• [Your task] Print only the lines below from the one with "Three different types" to the one with "Bad: Dusche, Handtücher", both included, exactly as they stand. Leave pictures out.

• [Working data]
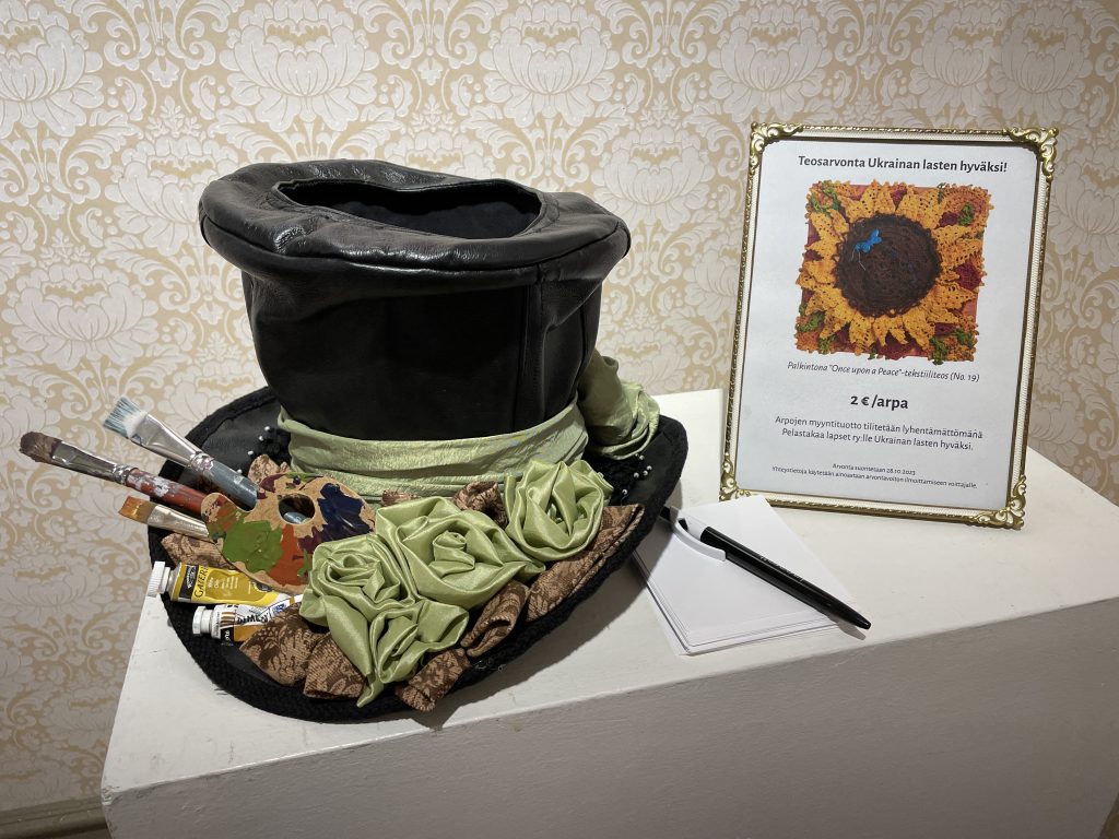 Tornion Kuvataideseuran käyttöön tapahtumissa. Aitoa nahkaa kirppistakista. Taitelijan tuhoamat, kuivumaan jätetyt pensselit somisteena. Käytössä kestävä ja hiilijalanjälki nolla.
---
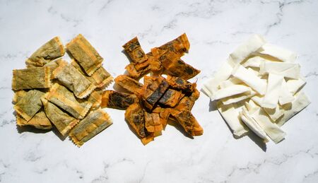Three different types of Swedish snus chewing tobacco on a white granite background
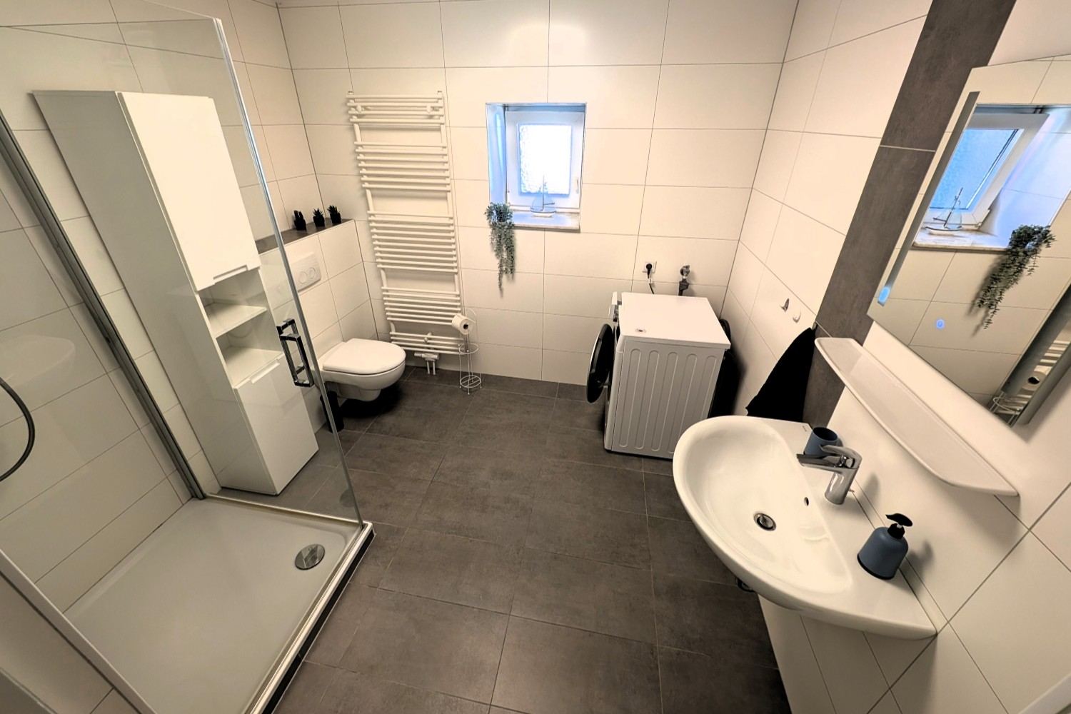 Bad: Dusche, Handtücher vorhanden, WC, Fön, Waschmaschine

• [Result of the exercise]
Three different types of Swedish snus chewing tobacco on a white granite background
 Bad: Dusche, Handtücher vorhanden, WC, Fön, Waschmaschine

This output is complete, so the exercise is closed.